▶ [WORK ITEM] Line by line, restate the material word for word, omitting any image.

▶ [INFORMATION PROVIDED]
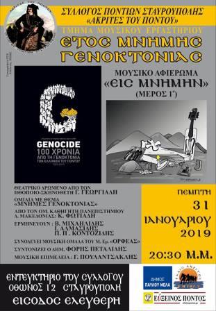 Ένα μουσικό αφιέρωμα για τη γενοκτονία των Ελλήνων του Πόντου, με τον γενικό τίτλο «Εις Μνήμην…», θα πραγματοποιηθεί από το σύλλογο Ποντίων Σταυρούπολης «Ακρίτες του Πόντου» και το μουσικό εργαστήρι του συλλόγου, με το οποίο θα αρχίσει ένας νέος κύκλος μουσικών παραστάσεων και διαλέξεων, που εντάσσονται στο πλαίσιο των εκδηλώσεων μνήμης του Έτους Γενοκτονίας, καθώς συμπληρώνονται φέτος 100 χρόνια από την αποβίβαση του γενοκτόνου Κεμάλ πασά στην Αμισό, όπου ξεκίνησε η τελική βάση της γενοκτονίας.
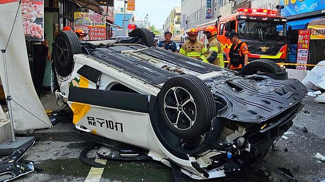 이 사고로 택시에 타고 있던 60대 기사 A 씨가 등을 다쳐 소방 당국에 의해 병원으로 이송됐습니다.
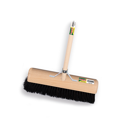SOLIDE zaalveger keuze uit 40 tot 50 cm met zwart gemengd paardenhaar, lengte 5cm. Gelakte ronde beuken kap. De zachte paardenharen zijn uitermate geschikt voor gladde binnenvloeren. De ideale veger om droge stofdelen op te vegen binnenshuis of in een zaal. Compleet met stokhouder.
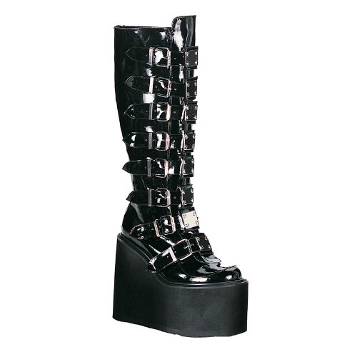 ^^ 5 1/2 Inch Trendy Knee High Boots Gothic Boots Black Platform Boots Metal Plates Patent Size: 6
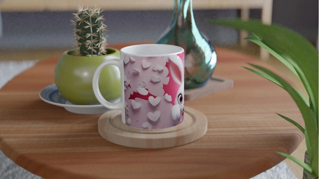 Pembe Kalpli Duvardan Bakan Tavşan Temalı Baskılı Kupa Bardak, uçuşan beyaz kalpler ve kırık duvar efektiyle enerjik ve sevgi dolu bir atmosfer sunuyor. Çocuklara özel hediyelikler arasında öne çıkıyor.
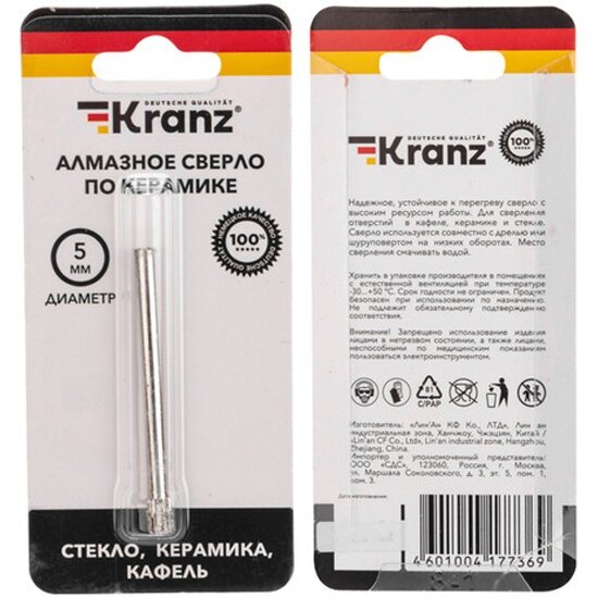 Алмазное сверло по керамограниту, керамике и стеклу KRANZ KR-92-0000 интересное:
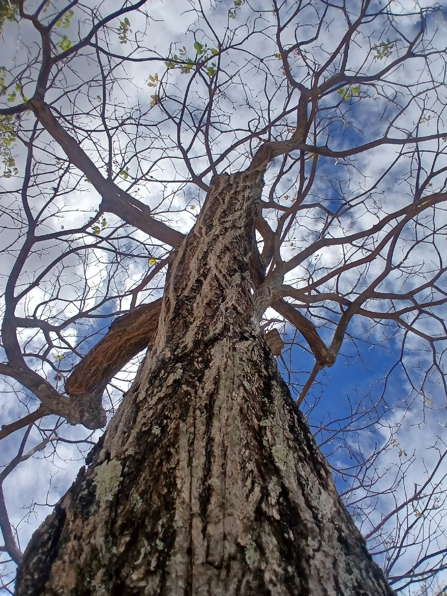 The image is taken from a low-angle perspective, looking up into a tree with mostly bare branches against a sky with scattered clouds. The trunk of the tree is prominently featured in the foreground,…read more
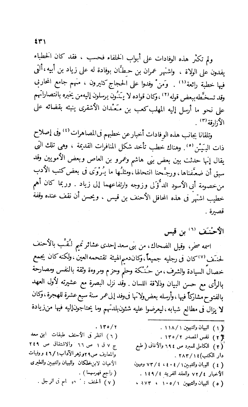 (¬6) انظر فى الأحنف طبقات ابن سعد ج 7 ق 1 ص 66 والاشتقاق ص 249 والمعارف ص 29 وزهر الآداب 1/ 46 ووفيات الأعيان لابن خلكان والبيان والتبيين والطبرى (راجع فهرسهما).
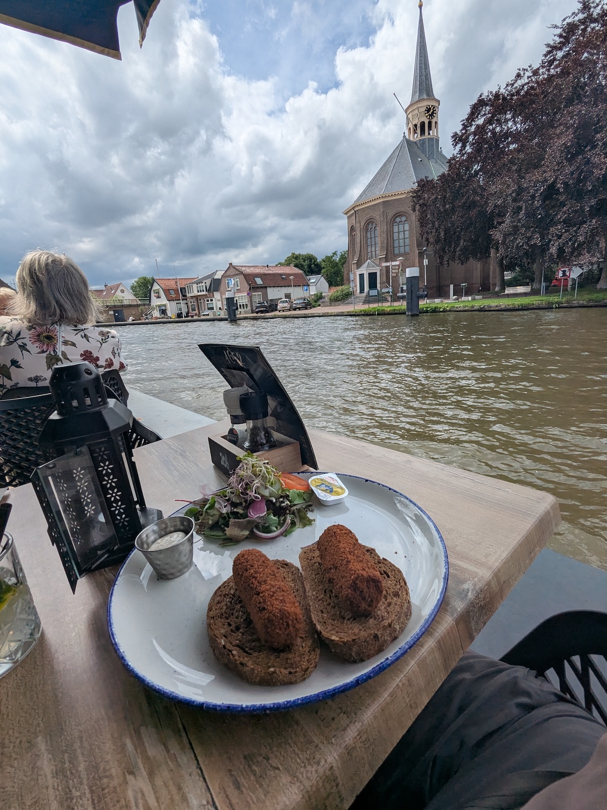 Being a Sunday, and our ride being through a lot of rural forest, we weren’t super optimistic about finding a place for lunch, but we ended up being spoilt for choice and had a good lunch on a terrace overlooking a lovely garden and soccer pitch in Vierhouten (A weird tomato soup with a fatty lump of meat in it for Maree—note to future selves: don’t order the tomato soup—, and a strange open brie and mushroom sandwich for Chris).

▶ [RESULT OF THIS EXERCISE]
 Ένα μουσικό αφιέρωμα για τη γενοκτονία των Ελλήνων του Πόντου, με τον γενικό τίτλο «Εις Μνήμην…», θα πραγματοποιηθεί από το σύλλογο Ποντίων Σταυρούπολης «Ακρίτες του Πόντου» και το μουσικό εργαστήρι του συλλόγου, με το οποίο θα αρχίσει ένας νέος κύκλος μουσικών παραστάσεων και διαλέξεων, που εντάσσονται στο πλαίσιο των εκδηλώσεων μνήμης του Έτους Γενοκτονίας, καθώς συμπληρώνονται φέτος 100 χρόνια από την αποβίβαση του γενοκτόνου Κεμάλ πασά στην Αμισό, όπου ξεκίνησε η τελική βάση της γενοκτονίας.
 이 사고로 택시에 타고 있던 60대 기사 A 씨가 등을 다쳐 소방 당국에 의해 병원으로 이송됐습니다.
SOLIDE zaalveger keuze uit 40 tot 50 cm met zwart gemengd paardenhaar, lengte 5cm. Gelakte ronde beuken kap. De zachte paardenharen zijn uitermate geschikt voor gladde binnenvloeren. De ideale veger om droge stofdelen op te vegen binnenshuis of in een zaal. Compleet met stokhouder.
 ^^ 5 1/2 Inch Trendy Knee High Boots Gothic Boots Black Platform Boots Metal Plates Patent Size: 6
 Pembe Kalpli Duvardan Bakan Tavşan Temalı Baskılı Kupa Bardak, uçuşan beyaz kalpler ve kırık duvar efektiyle enerjik ve sevgi dolu bir atmosfer sunuyor. Çocuklara özel hediyelikler arasında öne çıkıyor.
 Алмазное сверло по керамограниту, керамике и стеклу KRANZ KR-92-0000 интересное:
 The image is taken from a low-angle perspective, looking up into a tree with mostly bare branches against a sky with scattered clouds. The trunk of the tree is prominently featured in the foreground,…read more
 (¬6) انظر فى الأحنف طبقات ابن سعد ج 7 ق 1 ص 66 والاشتقاق ص 249 والمعارف ص 29 وزهر الآداب 1/ 46 ووفيات الأعيان لابن خلكان والبيان والتبيين والطبرى (راجع فهرسهما).
 Being a Sunday, and our ride being through a lot of rural forest, we weren’t super optimistic about finding a place for lunch, but we ended up being spoilt for choice and had a good lunch on a terrace overlooking a lovely garden and soccer pitch in Vierhouten (A weird tomato soup with a fatty lump of meat in it for Maree—note to future selves: don’t order the tomato soup—, and a strange open brie and mushroom sandwich for Chris).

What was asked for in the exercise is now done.